===== Supplied material

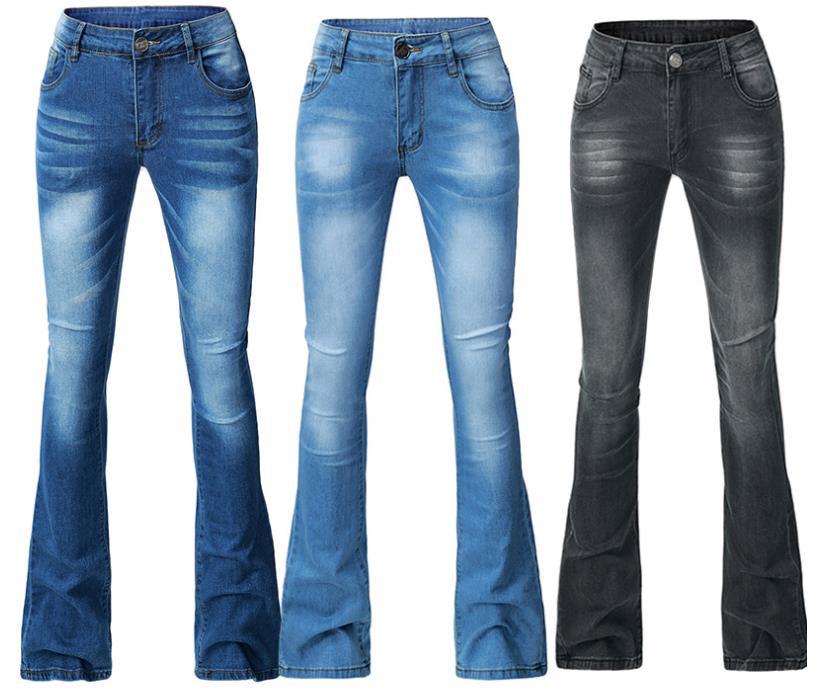 크로스 보더 유럽과 미국 북미 여성 청바지 타이트 스트레치 프린지 플레어 팬츠 여성 바지 바지 단색 청바지 여성스토어 가기
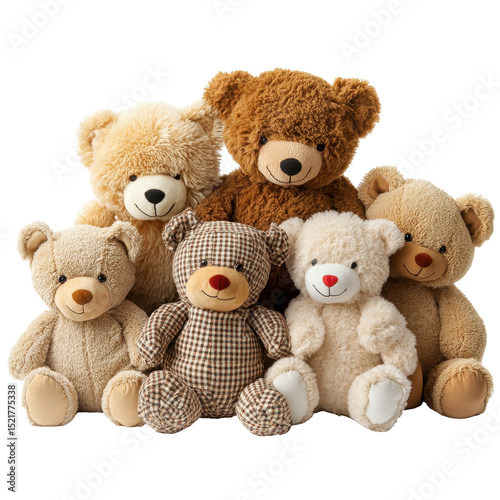 Collection of assorted teddy bears in various colors and sizes on a white background
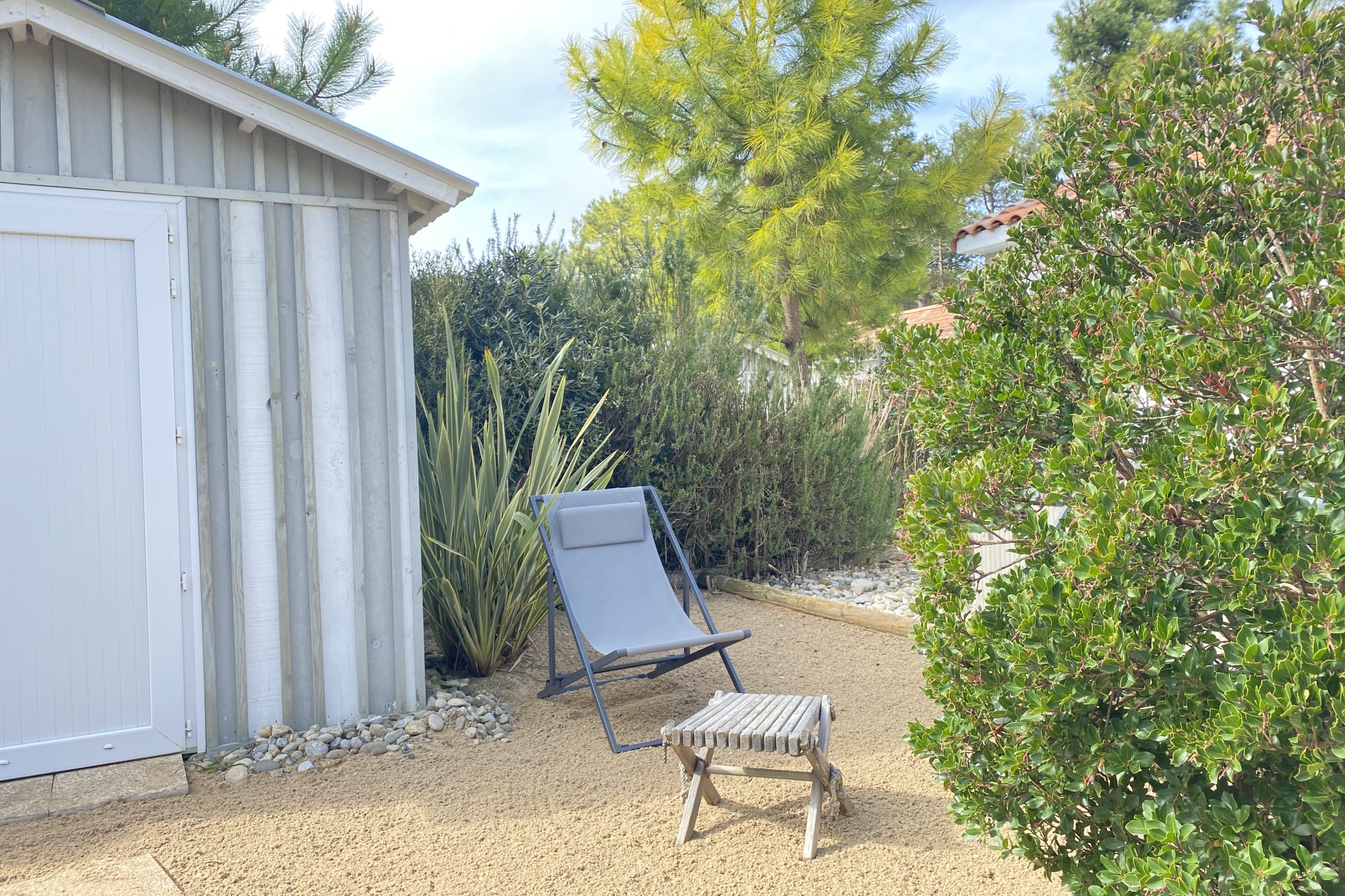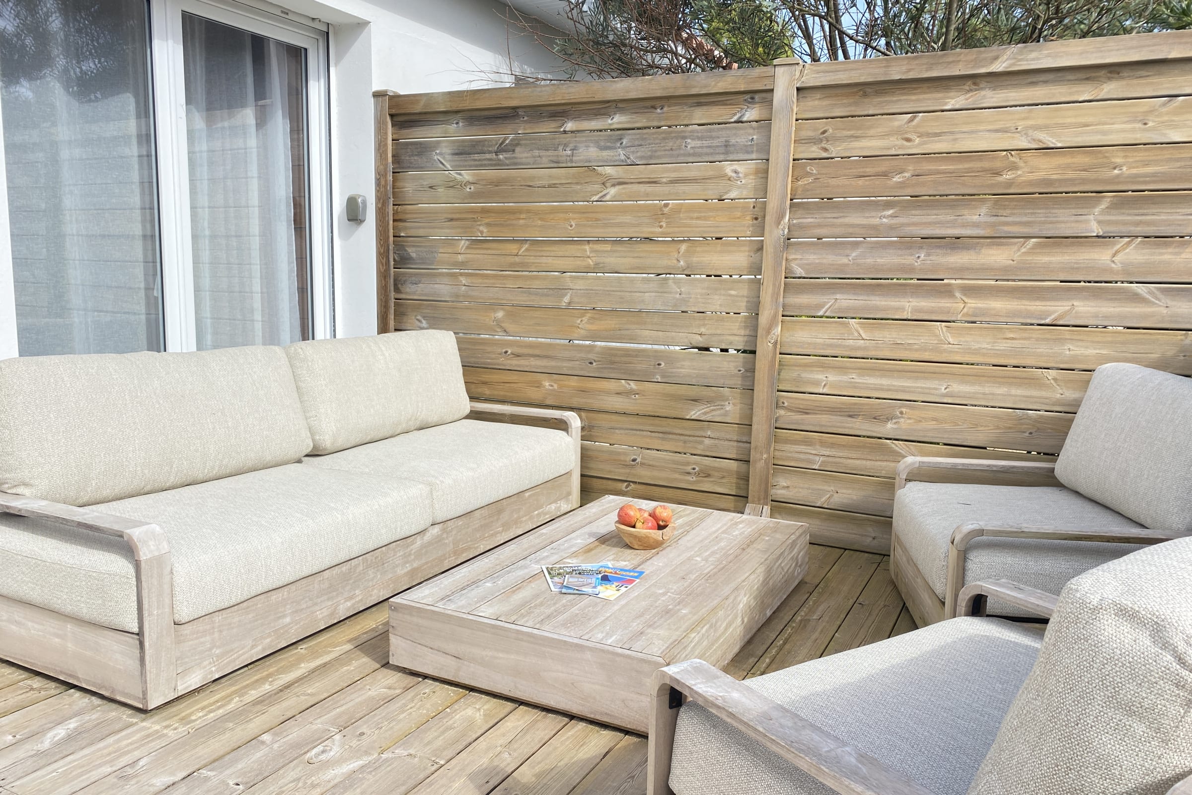 The sleeping area has two bedrooms with double beds and the convertible double sofa bed in the living room offers an additional bed for 2 people. Outside, you can enjoy a beautiful wooden terrace with all the garden furniture for a successful holiday (outdoor table and chairs, parasol, barbecue or electric plancha ...).

==========

**Work to complete:**
Make an exact copy of all the material, but keep the pictures out of it.

**Result:**
 크로스 보더 유럽과 미국 북미 여성 청바지 타이트 스트레치 프린지 플레어 팬츠 여성 바지 바지 단색 청바지 여성스토어 가기
 Collection of assorted teddy bears in various colors and sizes on a white background
 The sleeping area has two bedrooms with double beds and the convertible double sofa bed in the living room offers an additional bed for 2 people. Outside, you can enjoy a beautiful wooden terrace with all the garden furniture for a successful holiday (outdoor table and chairs, parasol, barbecue or electric plancha ...).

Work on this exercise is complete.